When monocyte-derived DC were cultured in the presence of melanoma cell culture supernatants derived from primary and metastatic tumors, a significant down-regulation of CD1a, b, c could be shown in the presence of metastatic, but not of primary, melanoma cell culture supernatants which could be blocked using an IL-10 neutralizing antibody, demonstrating that the effect was IL-10 mediated (Figures 5 to 7). Moreover, supernatants from metastatic melanoma cell lines containing high IL-10 levels could induce a stronger CD1a, b, c down-regulation than supernatant containing low IL-10 concentrations. Taken together, these data suggest an important role for IL-10 in the down-regulation of CD1 on DC in metastatic melanoma lesions. Although IL-10-mediated CD1 down-regulation has been shown to be involved in the immune escape of mycobacteria, this is the first report demonstrating a similar mechanism of potential relevance for an anti-cancer immune response.

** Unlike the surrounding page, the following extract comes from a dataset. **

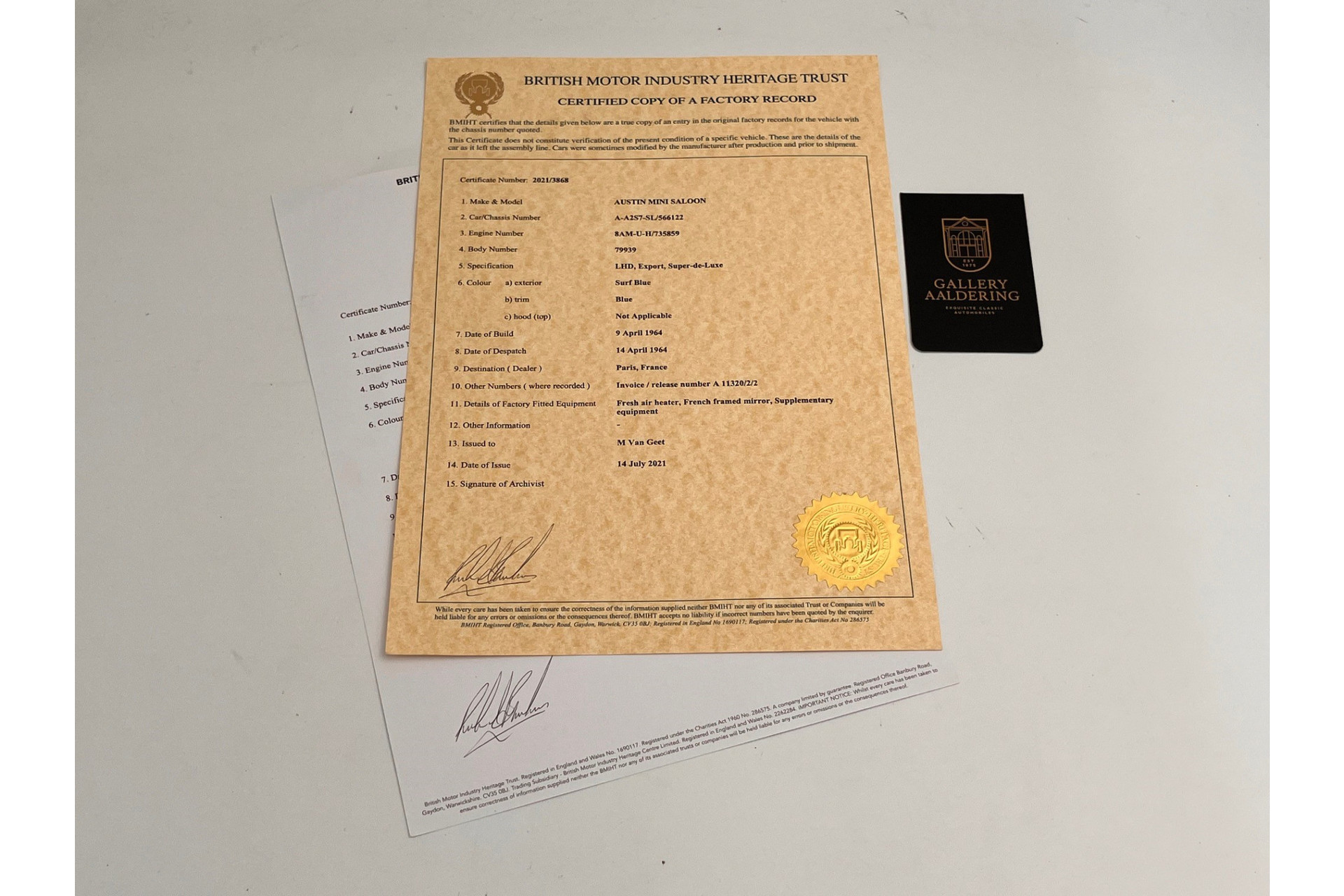 - Supplied with the Heritage Trust Certificate

IL-10 is a well-documented immunosuppressive cytokine being capable of reducing the expression of co-stimulatory and antigen-presenting molecules35,58,59 and therefore inhibiting the antigen-presenting capacity of DC.60,61 In addition, IL-10-treated DC can induce anergy in melanoma-specific CD8 T cells.62 Previous reports have also shown that IL-10 affects the expression of CD1 molecules on monocytes. Monocytes cultured in presence of GM-CSF, IL-4, and IL-10 give rise to CD1-negative DC35 and monocyte-derived DC cultured in the presence of IL-10 down-regulate CD1a.12 Here we extend these findings by showing that IL-10 can decrease the expression of CD1a, CD1b, and CD1c on monocyte-derived DC in a dose-dependent manner. However, IL-10 could not abolish CD1 expression completely, suggesting that DC are less sensitive to the effects of IL-10 than monocytes. Additional factors secreted by melanoma cells may also contribute to CD1 down-regulation. For example, VEGF has previously been shown to be secreted by various melanoma cell lines55 and has been demonstrated to induce CD1a down-regulation on monocyte-derived dendritic cells.55,63 VEGF has also been shown to down-regulate CD80 in monocyte-derived DC which might explain our observation that CD80 was down-regulated by melanoma supernatant but not by IL-10.64 Moreover, decreased CD1d surface expression levels in murine tumors in response to various cytokines, including IL-10 and interferon γ, have been shown to inhibit tumor cell lysis by NK cells.65
The central role of NF-κB in mediating the effects of IL-10 in immature DC has been elucidated recently. Reduced DNA binding and nuclear translocation of NF-κB in IL-10-pretreated DC, on stimulation with lipopolysaccharide or anti-CD40, have been shown to be mediated by inhibition of NF-κB through suppression of IκB activity. Moreover, Akt phosphorylation was blocked by IL-10, and inhibition of PI3-kinase resulted in suppression of Akt, IκB, and NF-κB activity. This suggests that IL-10 inhibits NF-κB through suppression of the PI3-kinase pathway which, in turn, leads to inhibition of IκB activity.66 In contrast, no phosphorylation of ERK2, SAPK/JNK, and p38 could be detected in immature DC on stimulation with IL-10.67
The gangliosides GD2, GD3, and GM2 have been shown to be expressed on the surface of melanoma cells and to be immunogenic in both mice and humans and have therefore been used as targets for active immunization with cancer vaccines resulting in an IgG and IgM response.50–52,68 Pre-existing anti-GM2 antibodies before vaccination or vaccination-induced anti-GM2 antibodies have been associated with a favorable diagnosis.52 Despite their immunogenicity, IgG and IgM autoantibody titers against these gangliosides in unvaccinated melanoma patients are either low or not detectable. Moreover, the incidence of spontaneous GM2 antibody production seems to be similar in unvaccinated stage III melanoma patients and healthy patients (5% to 10%), suggesting that growth of melanoma in skin and lymph nodes is not a strong stimulus for GM2 antibody production.49–52,69 This raises the question why no increased IgG and IgM titers can be found in patients with advanced melanoma before ganglioside vaccination. While several immune escape mechanisms including MHC loss or TAP deficiency have been reported (reviewed in70), IL-10-mediated down-regulation of CD1 molecules on the surface of tumor-infiltrating APC may offer an explanation for the lacking humoral immune response against tumor-associated glycolipid antigens observed in unvaccinated metastatic melanoma patients.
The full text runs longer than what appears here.